Earlier, inside the Roanoke

With reporting by Shane McMahon/UW News Lab – Special to CHS

Inches from sealing a historical back-to-back Super Bowl victory, the Seahawks went down the way they went up — in shocking, agonizing fashion. The team took its fans along for the ride in packed bars and restaurants across Capitol Hill Sunday. By the time the last audacious Seahawk play had been called with disastrous results, the hopes for parties in the streets like we saw last January had faded completely. Fans were left to ponder why the team didn’t opt to simply run the ball in to seize the championship. And why Budweiser chose this weekend of all weekends to run an ad about beer “brewed the hard way.”

At R Place

 

At Throwbacks NW party at Sole Repair

And the 4th quarter tension at the Wildrose

Later on the sad, sad streets….

Capitol Hill businesses without a TV were mostly closed or empty Sunday from 3 to 8 PM — like the streets, parks and buses in the area.
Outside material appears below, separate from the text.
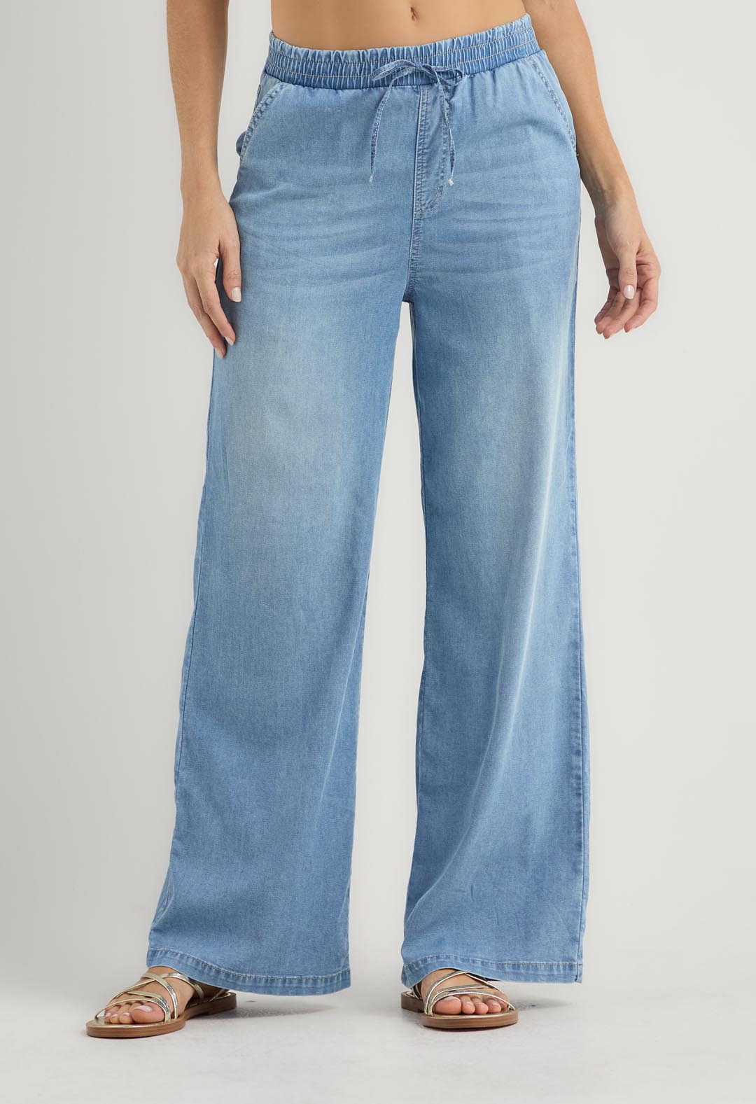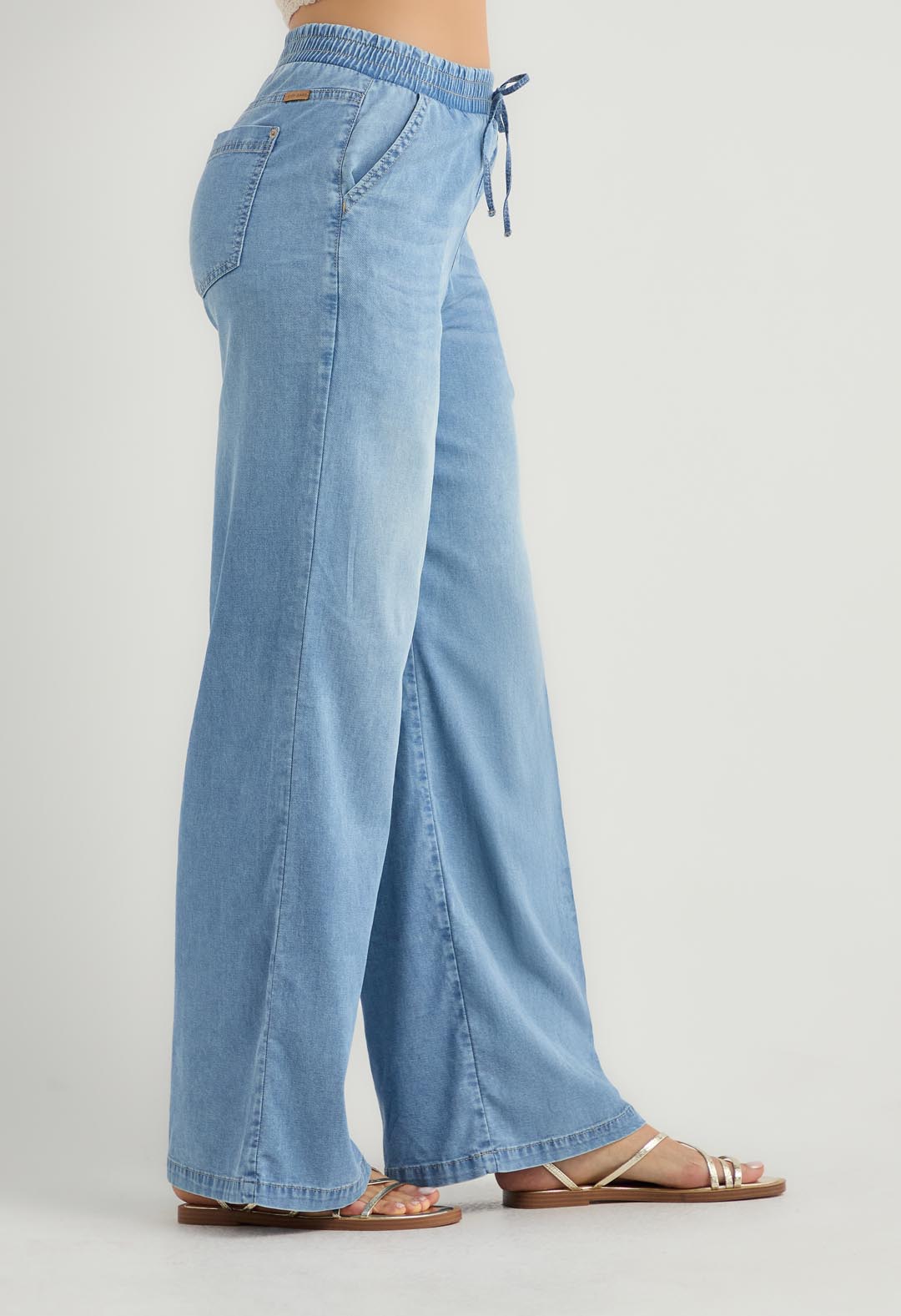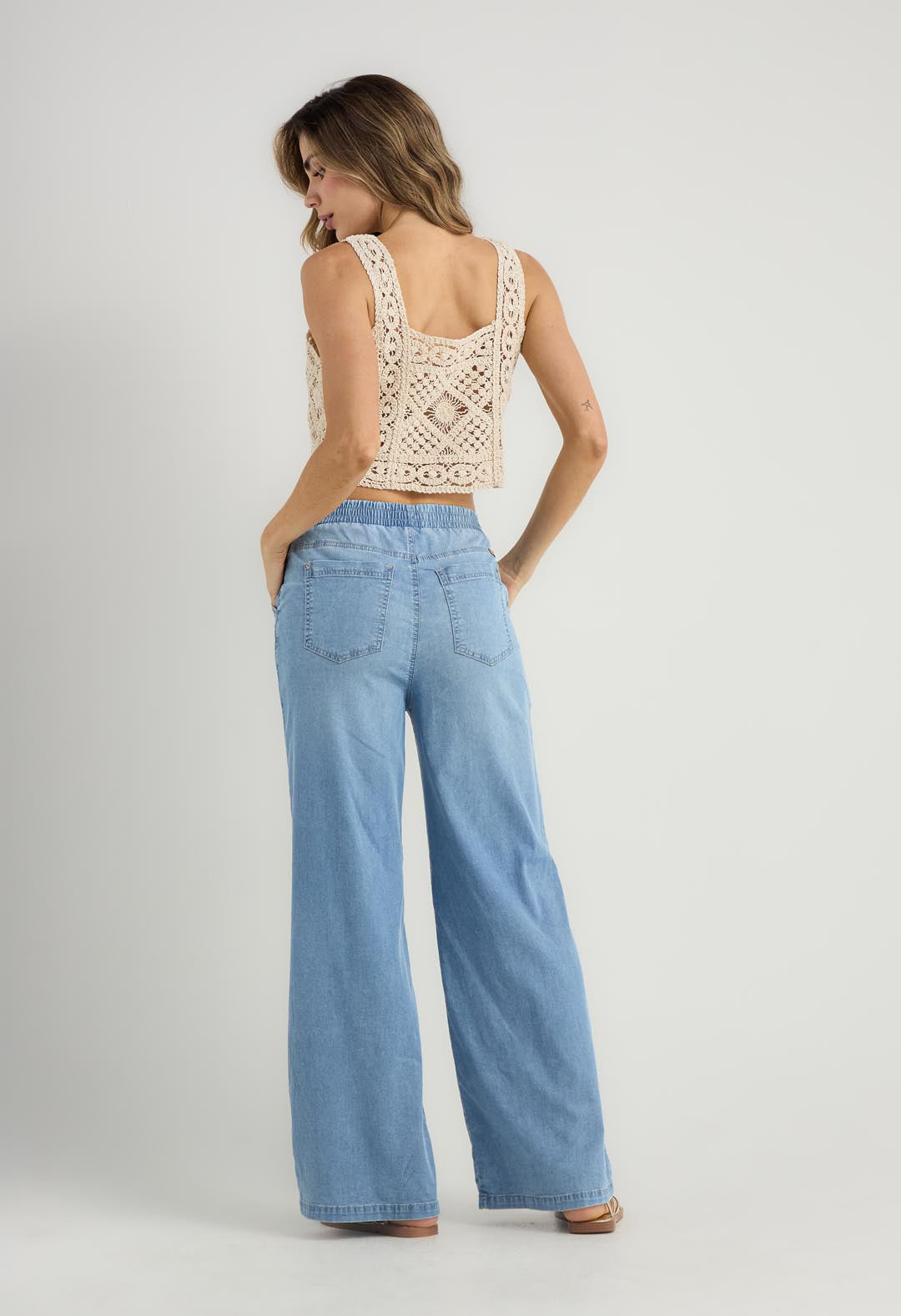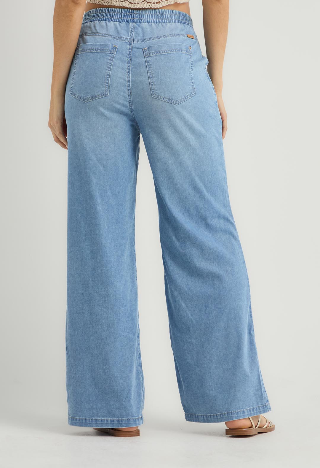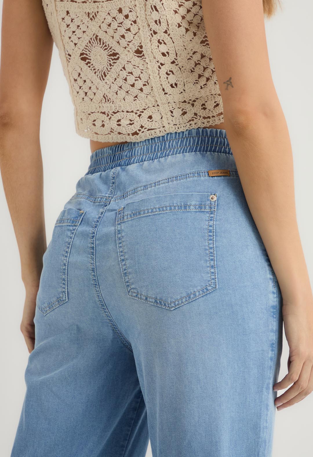 Jean retro medio con elástico en cintura para mujer.

Places with TVs all had the same thing on, Super Bowl XLIX.

“It was like a ghost town tonight,” said Carly Patterson a Seahawk fan who saw the streets of a mostly deserted Pike/Pine during gametime.
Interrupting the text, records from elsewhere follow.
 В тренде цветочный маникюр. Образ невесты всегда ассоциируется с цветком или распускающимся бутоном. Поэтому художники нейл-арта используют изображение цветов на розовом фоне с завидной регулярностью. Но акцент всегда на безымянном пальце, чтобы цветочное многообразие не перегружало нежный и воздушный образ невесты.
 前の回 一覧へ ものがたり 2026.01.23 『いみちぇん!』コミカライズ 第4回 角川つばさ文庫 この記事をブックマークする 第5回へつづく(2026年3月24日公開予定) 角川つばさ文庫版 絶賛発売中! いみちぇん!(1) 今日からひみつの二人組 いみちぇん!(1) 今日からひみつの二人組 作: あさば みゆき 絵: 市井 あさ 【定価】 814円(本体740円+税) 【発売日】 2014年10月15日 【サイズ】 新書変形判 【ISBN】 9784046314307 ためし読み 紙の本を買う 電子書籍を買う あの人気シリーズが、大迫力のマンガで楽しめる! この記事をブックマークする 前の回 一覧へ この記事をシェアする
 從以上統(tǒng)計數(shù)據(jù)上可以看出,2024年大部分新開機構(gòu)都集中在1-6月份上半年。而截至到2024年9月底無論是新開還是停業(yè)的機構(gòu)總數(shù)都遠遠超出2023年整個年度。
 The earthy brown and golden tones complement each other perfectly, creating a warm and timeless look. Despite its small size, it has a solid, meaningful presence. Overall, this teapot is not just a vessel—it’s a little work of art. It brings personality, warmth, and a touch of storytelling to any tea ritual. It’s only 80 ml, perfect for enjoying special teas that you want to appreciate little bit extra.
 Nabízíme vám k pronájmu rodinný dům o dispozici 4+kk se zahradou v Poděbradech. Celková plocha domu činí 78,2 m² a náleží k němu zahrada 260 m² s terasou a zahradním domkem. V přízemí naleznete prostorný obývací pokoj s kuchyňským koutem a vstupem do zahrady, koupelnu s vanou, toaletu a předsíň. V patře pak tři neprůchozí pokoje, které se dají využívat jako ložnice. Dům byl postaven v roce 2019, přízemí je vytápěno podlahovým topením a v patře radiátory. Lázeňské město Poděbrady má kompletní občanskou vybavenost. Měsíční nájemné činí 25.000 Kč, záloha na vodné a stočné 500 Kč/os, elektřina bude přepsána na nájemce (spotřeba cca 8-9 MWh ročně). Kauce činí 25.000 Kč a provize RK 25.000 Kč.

While the tragic ending led to some awful post-game silence outside, earlier in the night, Capitol Hill establishments were packed with rowdy and energetic fans before and during the game.
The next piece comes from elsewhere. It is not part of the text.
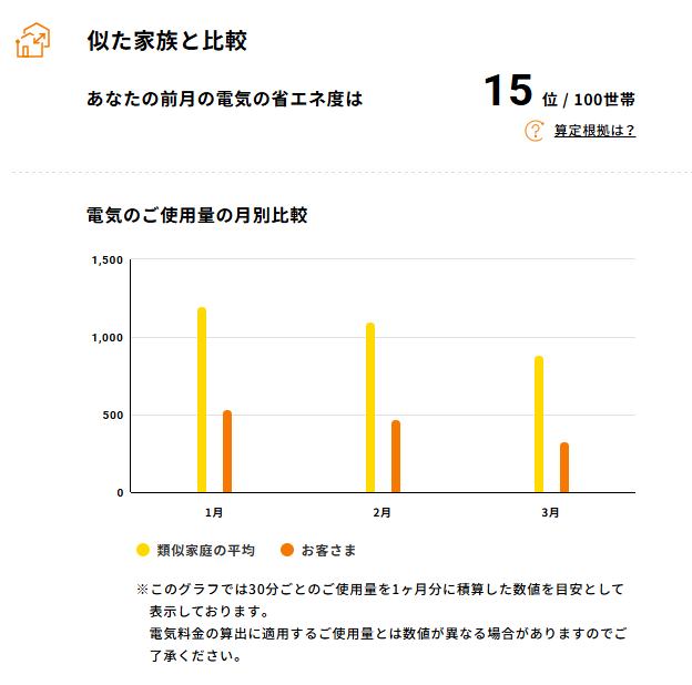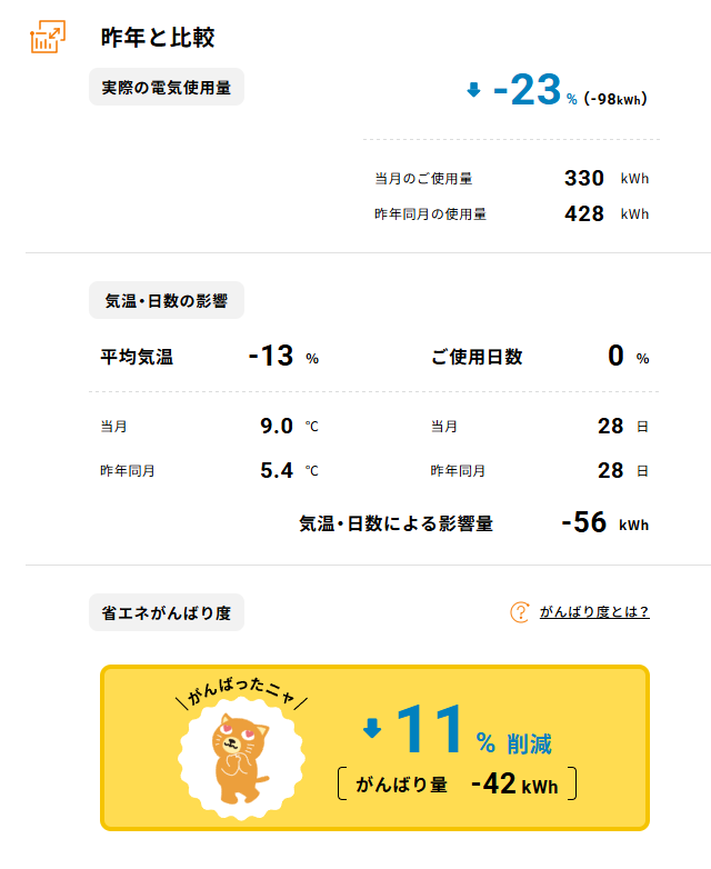 昨年同月に比べ約23%使用量が減り、電気代が約5,000円ほど安くなっています。
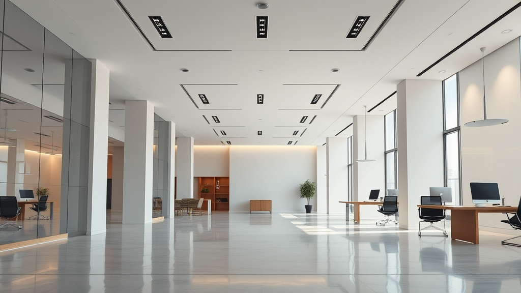 Photorealistic perspective view of a minimalist co-working space with bright finishes and ambient atmosphere, showcasing elaborate vertical and horizontal elements. Features minimalistic lighting with 4500K indirect light and sleek ceiling spotlights. Captures professional interior architecture in a raw style with an enhanced artistic touch, maintaining the essence of modern minimalism.

“The game brings people together when your team is in it,” fan Kyle Parrish told CHS.

While visiting Seattle for the weekend from southwest Washington, Parrish watched the game with his father and brother.

The rollercoaster second half caused rapid mood swings for the fans, none more than the sequence of three plays in the final minute and a half.

The improbable, never-give-up spirit of the fans emerged  in the Jermaine Kearse catch to defy logic, followed by a Marshawn Lynch bruising run to the New England 1-yard-line set up a potential go-ahead touchdown with less the 30 seconds remaining. The shared feeling of last-minute magic was in the air.

Then, crushing silence.

A Russell Wilson pass in the front of the end zone intercepted by New England’s Malcolm Butler brought the dreams of a “Re-Pete” crashing down. The Patriots would win 28-24.

The fans stuck with their team to the very end, sharing “Sea-Hawks” chants indoors and outside afterwards.

“I’m so proud of this team,” Cameron Parrish said when heading out into the subdued atmosphere outside with his brother and father. “We’ll be back next year, no doubt.”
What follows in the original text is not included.